Living with the Dead is a British television programme about a team of paranormal investigators who investigate ghostly goings on and supernatural occurrences in family homes around Britain. The team aim to resolve the paranormal activity for the family concerned. While mainly focused on ordinary family homes, investigations in celebrity homes such as comedian Freddie Starr's occasionally feature.

Each run comprises 8 sixty-minute episodes. Now into its second series, the show airs on the Virgin Media Television satellite channel Living, plus Australian and Canadian channels.

Team
The team consists of American-born medium Johnnie Fiori, exorcist & psychic Medium Ian Lawman, historian Hallie Rubenhold and paranormal researcher Stephen Griffiths; who work together with the families living in allegedly haunted homes to remove the evil and terrifying spirits that plague them.
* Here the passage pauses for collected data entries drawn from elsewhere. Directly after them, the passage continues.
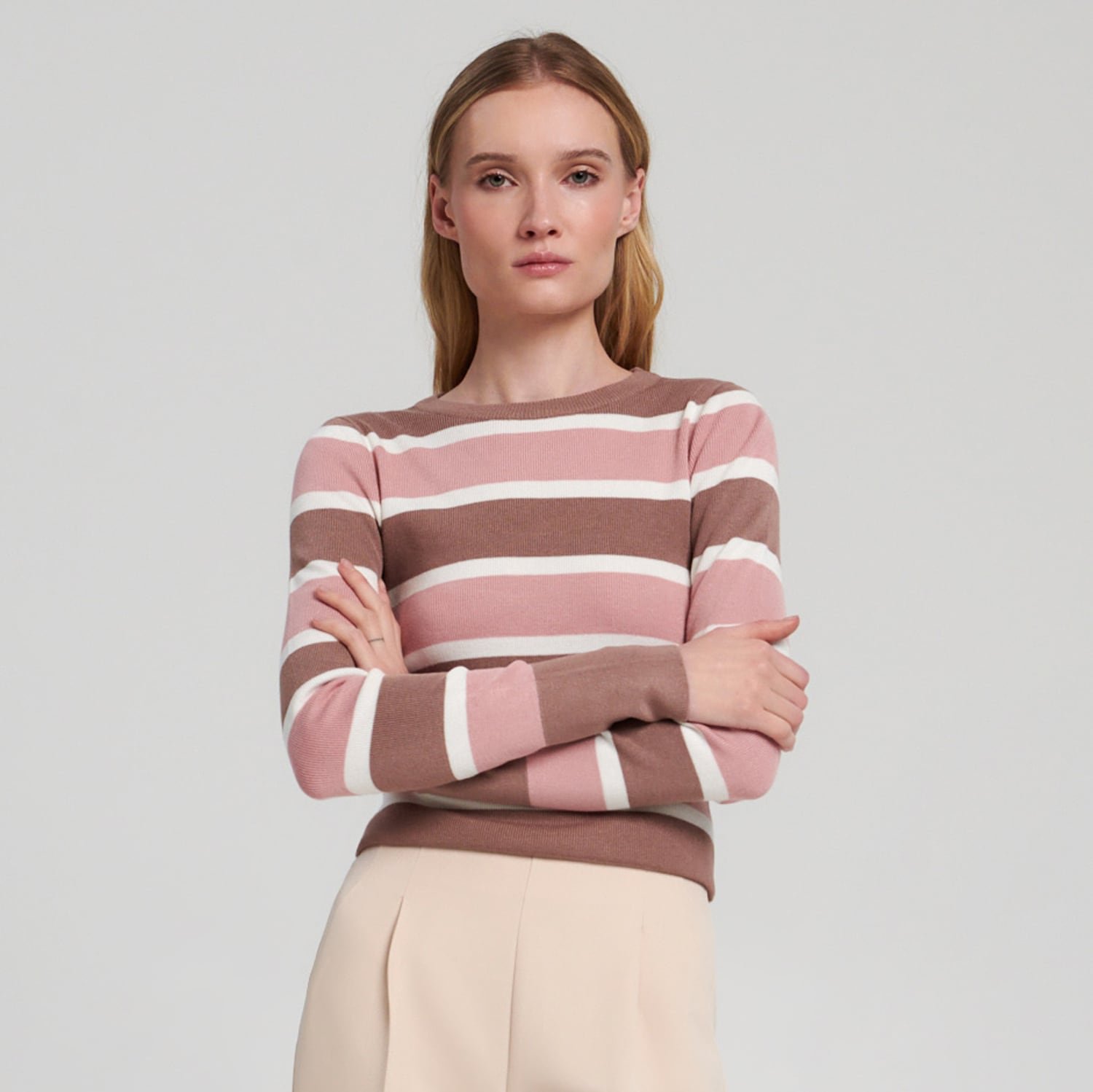 Pulover în dungi - Bej - Fashion Mix- Marketplace - Anunturi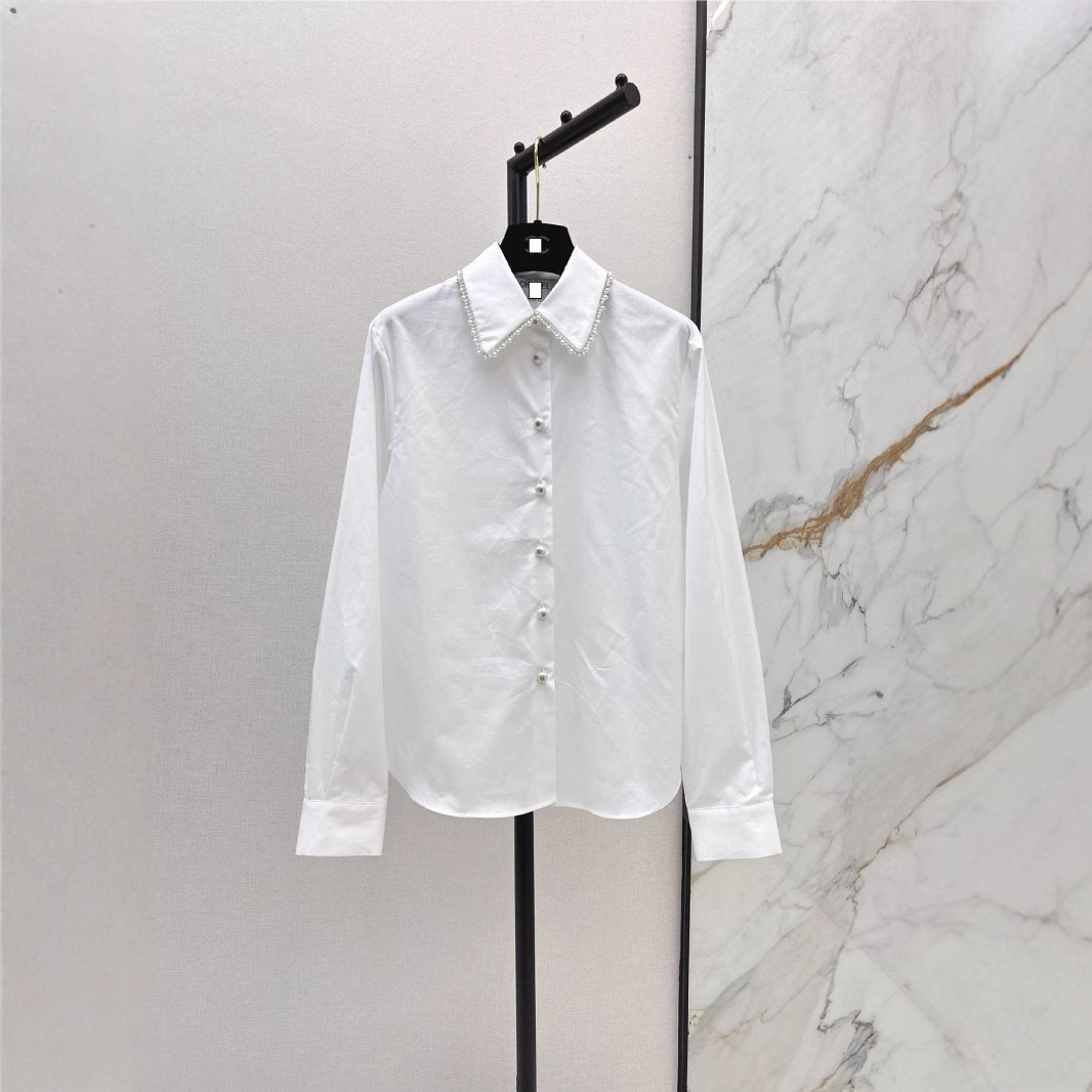 深圳南油2025春夏随性高级小香风珍珠镶嵌翻领双C提花衬衫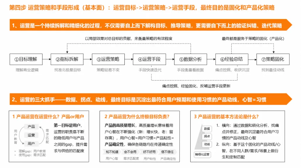 3.4 运营策略和手段的形成:运营目标->运营策略->运营手段,最终目的是固化和产品化策略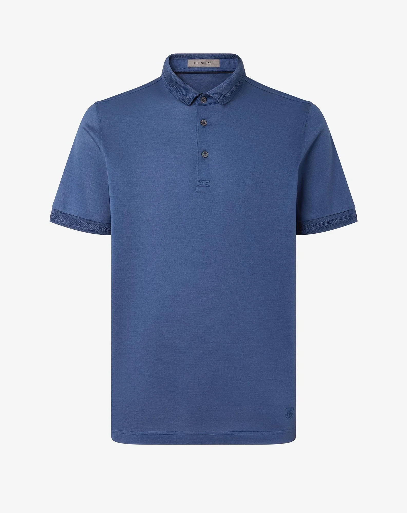 The Men's light blue short-sleeved lisle thread polo shirt is the ultimate all-rounder of the men's summer wardrobe. Cool and versatile, it adapts to different situations ensuring maximum comfort and breathability. Whether paired with more formal suits or sporty outfits, Corneliani polo shirts are a staple of dynamic, contemporary looks. DETAILS & MATERIALS - 100% cotton - short sleeve lisle thread polo shirt with buttons - Corneliani logo on the side - Made in Italy FIT & WASHING - The model is wearing a size 50 (IT). Model measurements: height 187cm, chest 98cm, waist 82cm, hips 98cm. Dry clean with perchloroethylene, do not bleach, maximum iron temperature 110°, do not tumble dry

Each team member has a distinct role.
Johnnie Fiori's is to assess the paranormal activity as well as spending the night at the home. In his role to resolve the issues, Ian Lawman draws on a range on methods including séances. Historian Hallie Rubenhold, explores local history surrounding the house to uncover any macabre events that may lie behind the hauntings. Fiori cites the investigation at Saddleworth as a favourite, while Lawman cites the one at Blackpool as particularly enthralling.

Production
In July 2009, series one investigator Mark Webb published e-mails on his website, in a post questioning the authenticity of the programme's mediums Lawman and Fiori with claims they were given full information several days before filming took place.

For series two, Mark Webb was replaced by investigator Stephen Griffiths who had previously assisted with research and made an appearance in series one (The Ghost in the Attic).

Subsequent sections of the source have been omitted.